**TASK DIRECTIONS**
Repeat the data exactly as given below, dropping every picture.
AVAILABLE DATA: Begin
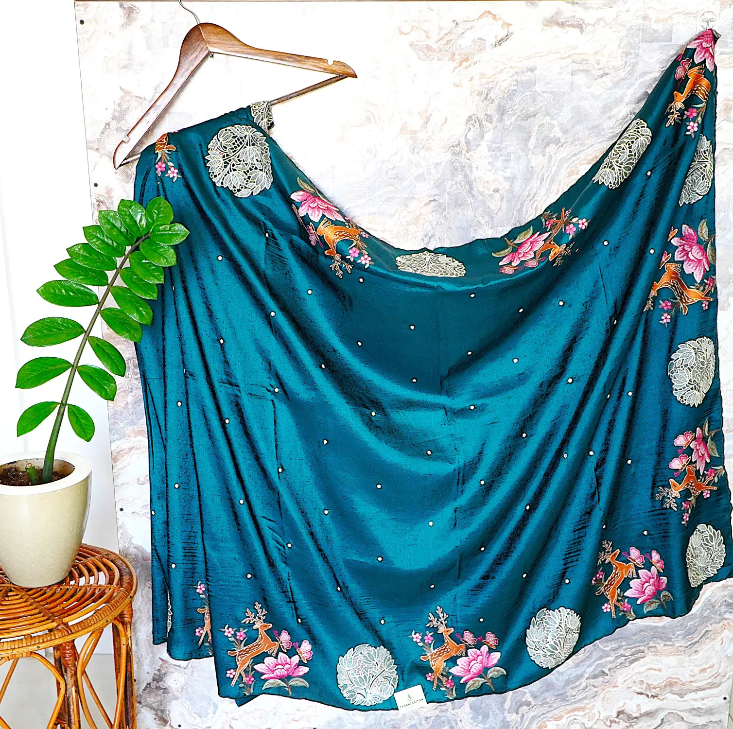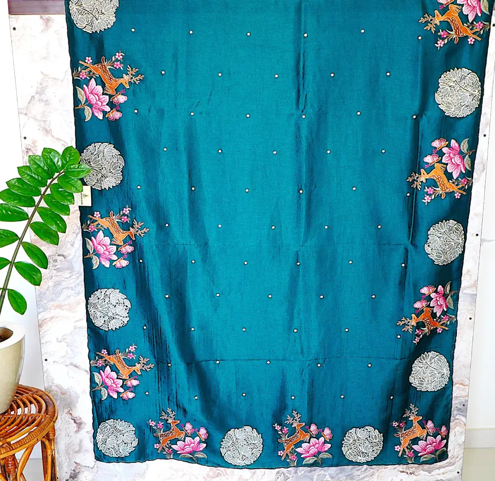 A peacock blue silk saree with golden deer motifs, soft floral embroidery, and delicate lace medallion detailing.
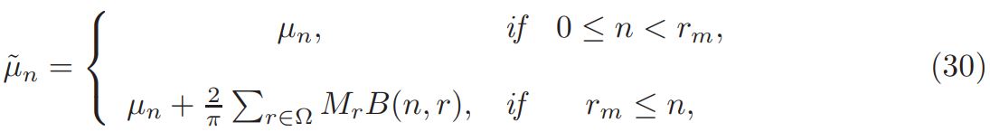 Let σ be a positive measure supported on the unit circle such that its corresponding moments {cn}n∈Z are real. Assume also that the perturbed measure σΩ, defined by (17), is also positive and that Mr with r ∈ Ω is real, so that the moments associated with σΩ are also real. Our goal in this section is to determine the relation between the positive Borel measures α and αΩ, supported in [−1, 1], which are associated with σ and σ˜Ω, respectively, via the inverse Szegó transformation. This relation will be stated in terms of the corresponding measure and their sequences of moments.
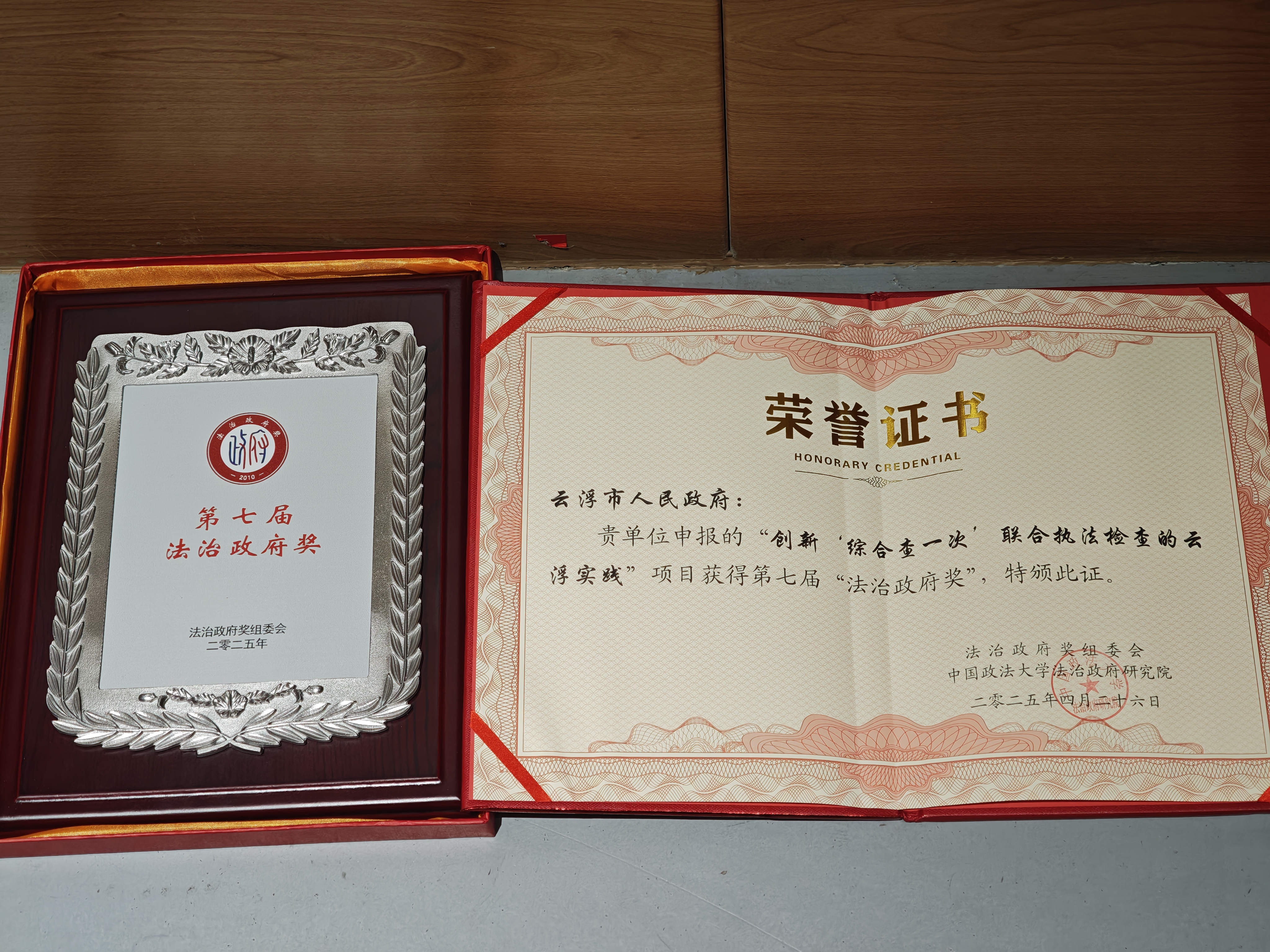 6月15日,第七届“法治政府奖”颁奖典礼在中国政法大学举办,为全国20个“法治政府奖”和20个“法治政府提名奖”颁奖。其中,广东省云浮市申报的《创新“综合查一次”联合执法检查的云浮实践》获“法治政府奖”,成为广东省唯一获该奖项的地级市创新项目。云浮市有关领导率队参加颁奖典礼并领奖。
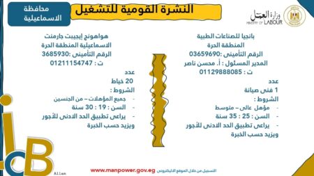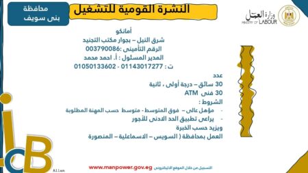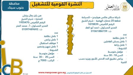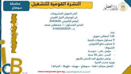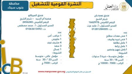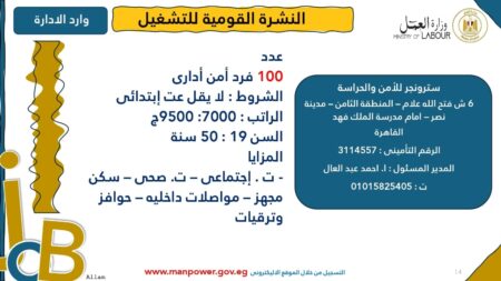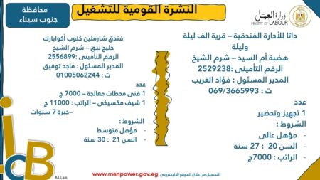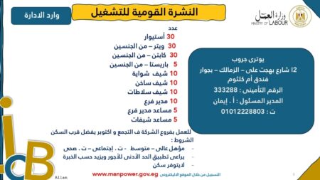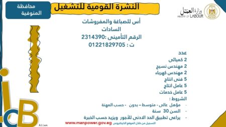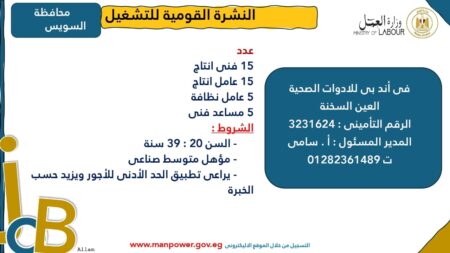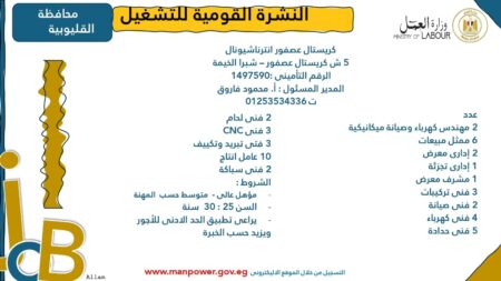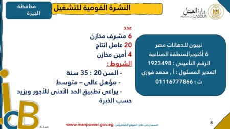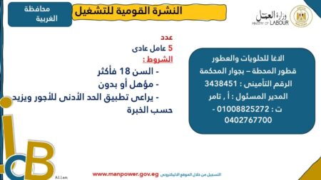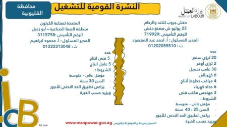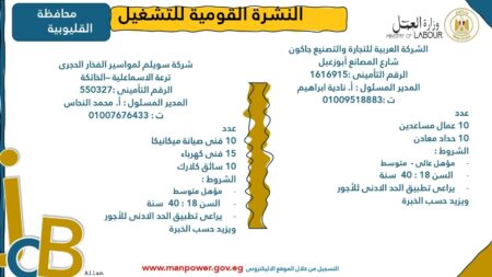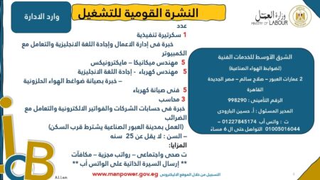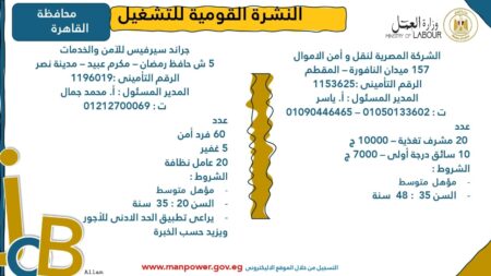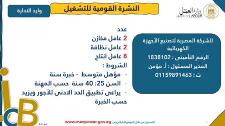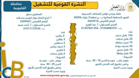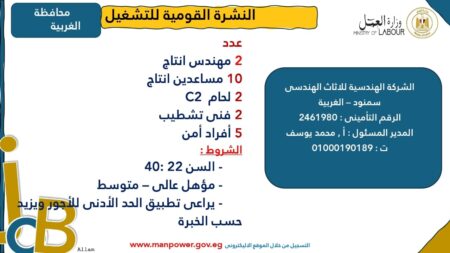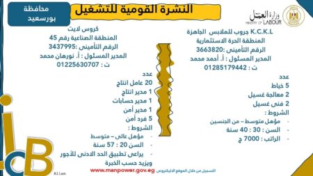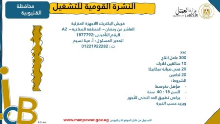 كما يمكن التقديم مباشرةً من خلال بيانات الشركات المرفقة بالنشرة، أو عبر الموقع الرسمي لوزارة العمل على شبكة الإنترنت.
AVAILABLE DATA: End
**EXPECTED ANSWER**
 A peacock blue silk saree with golden deer motifs, soft floral embroidery, and delicate lace medallion detailing.
 Let σ be a positive measure supported on the unit circle such that its corresponding moments {cn}n∈Z are real. Assume also that the perturbed measure σΩ, defined by (17), is also positive and that Mr with r ∈ Ω is real, so that the moments associated with σΩ are also real. Our goal in this section is to determine the relation between the positive Borel measures α and αΩ, supported in [−1, 1], which are associated with σ and σ˜Ω, respectively, via the inverse Szegó transformation. This relation will be stated in terms of the corresponding measure and their sequences of moments.
 6月15日,第七届“法治政府奖”颁奖典礼在中国政法大学举办,为全国20个“法治政府奖”和20个“法治政府提名奖”颁奖。其中,广东省云浮市申报的《创新“综合查一次”联合执法检查的云浮实践》获“法治政府奖”,成为广东省唯一获该奖项的地级市创新项目。云浮市有关领导率队参加颁奖典礼并领奖。
 كما يمكن التقديم مباشرةً من خلال بيانات الشركات المرفقة بالنشرة، أو عبر الموقع الرسمي لوزارة العمل على شبكة الإنترنت.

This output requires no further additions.